### Exercise description
Copy, from the entries below, each line in which the string "while" appears.

### Dataset records

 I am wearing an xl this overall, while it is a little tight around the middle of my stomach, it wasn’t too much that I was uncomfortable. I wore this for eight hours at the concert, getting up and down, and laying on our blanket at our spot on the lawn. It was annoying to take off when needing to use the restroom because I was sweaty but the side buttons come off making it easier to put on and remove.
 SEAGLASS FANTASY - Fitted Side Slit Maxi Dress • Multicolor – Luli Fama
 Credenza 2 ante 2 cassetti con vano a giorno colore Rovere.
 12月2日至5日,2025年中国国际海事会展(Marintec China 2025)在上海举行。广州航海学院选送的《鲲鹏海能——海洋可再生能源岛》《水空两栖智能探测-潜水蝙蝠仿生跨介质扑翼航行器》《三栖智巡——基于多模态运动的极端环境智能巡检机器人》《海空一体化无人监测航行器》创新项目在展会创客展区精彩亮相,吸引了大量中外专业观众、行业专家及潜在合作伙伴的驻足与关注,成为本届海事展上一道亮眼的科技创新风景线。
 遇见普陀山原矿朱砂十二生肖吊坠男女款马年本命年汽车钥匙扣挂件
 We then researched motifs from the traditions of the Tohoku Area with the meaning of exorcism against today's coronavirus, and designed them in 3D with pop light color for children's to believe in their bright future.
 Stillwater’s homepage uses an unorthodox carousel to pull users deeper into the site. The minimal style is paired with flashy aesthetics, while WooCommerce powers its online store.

* * *

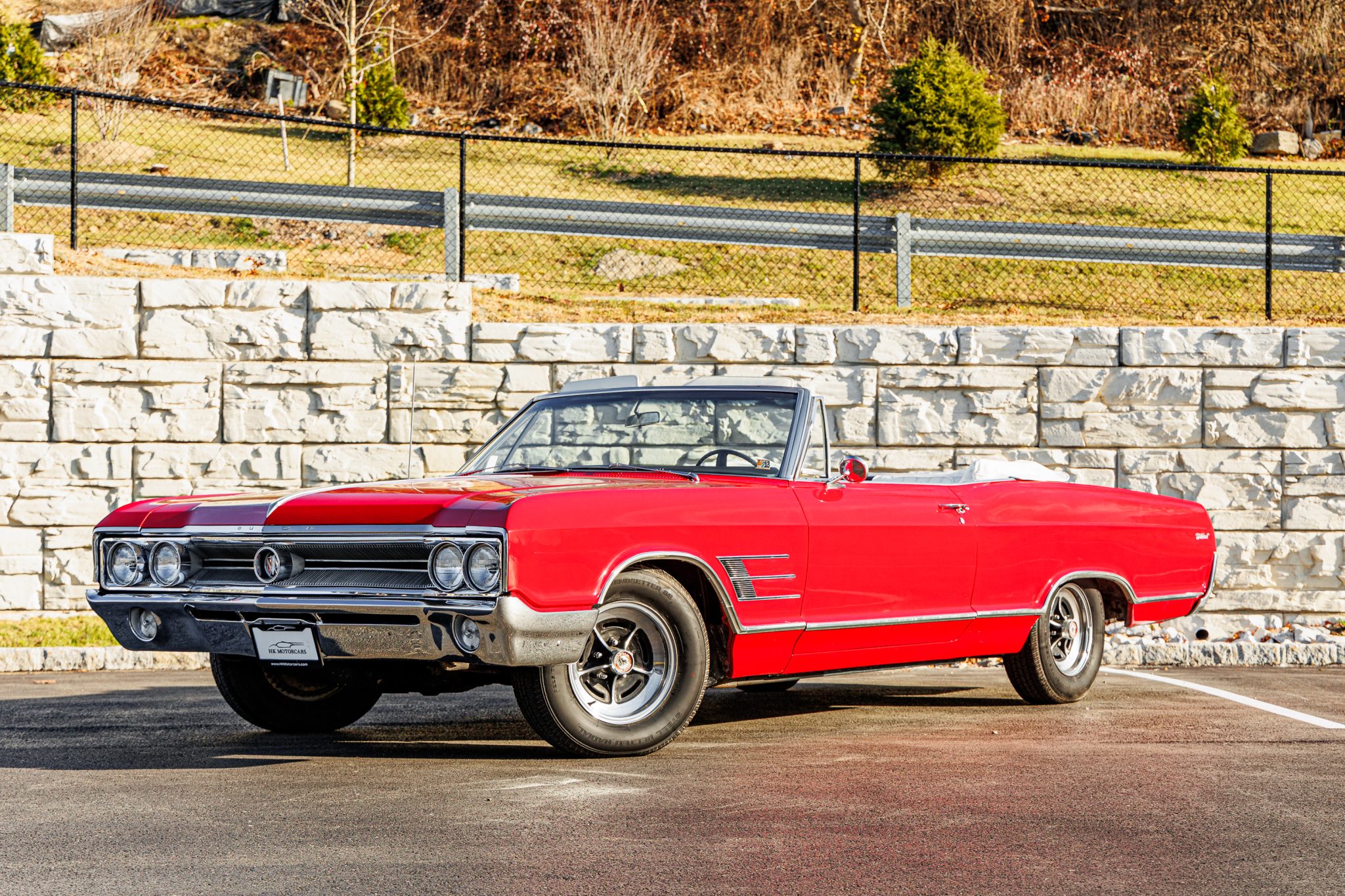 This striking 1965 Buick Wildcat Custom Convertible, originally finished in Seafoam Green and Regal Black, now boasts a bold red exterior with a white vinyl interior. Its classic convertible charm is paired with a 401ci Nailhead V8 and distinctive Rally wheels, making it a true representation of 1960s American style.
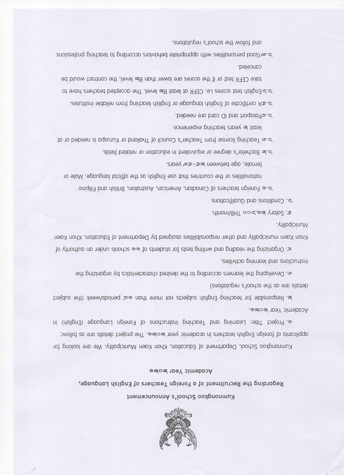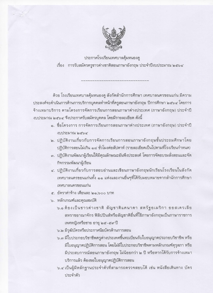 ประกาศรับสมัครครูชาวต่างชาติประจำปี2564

### Task answer
 I am wearing an xl this overall, while it is a little tight around the middle of my stomach, it wasn’t too much that I was uncomfortable. I wore this for eight hours at the concert, getting up and down, and laying on our blanket at our spot on the lawn. It was annoying to take off when needing to use the restroom because I was sweaty but the side buttons come off making it easier to put on and remove.
 Stillwater’s homepage uses an unorthodox carousel to pull users deeper into the site. The minimal style is paired with flashy aesthetics, while WooCommerce powers its online store.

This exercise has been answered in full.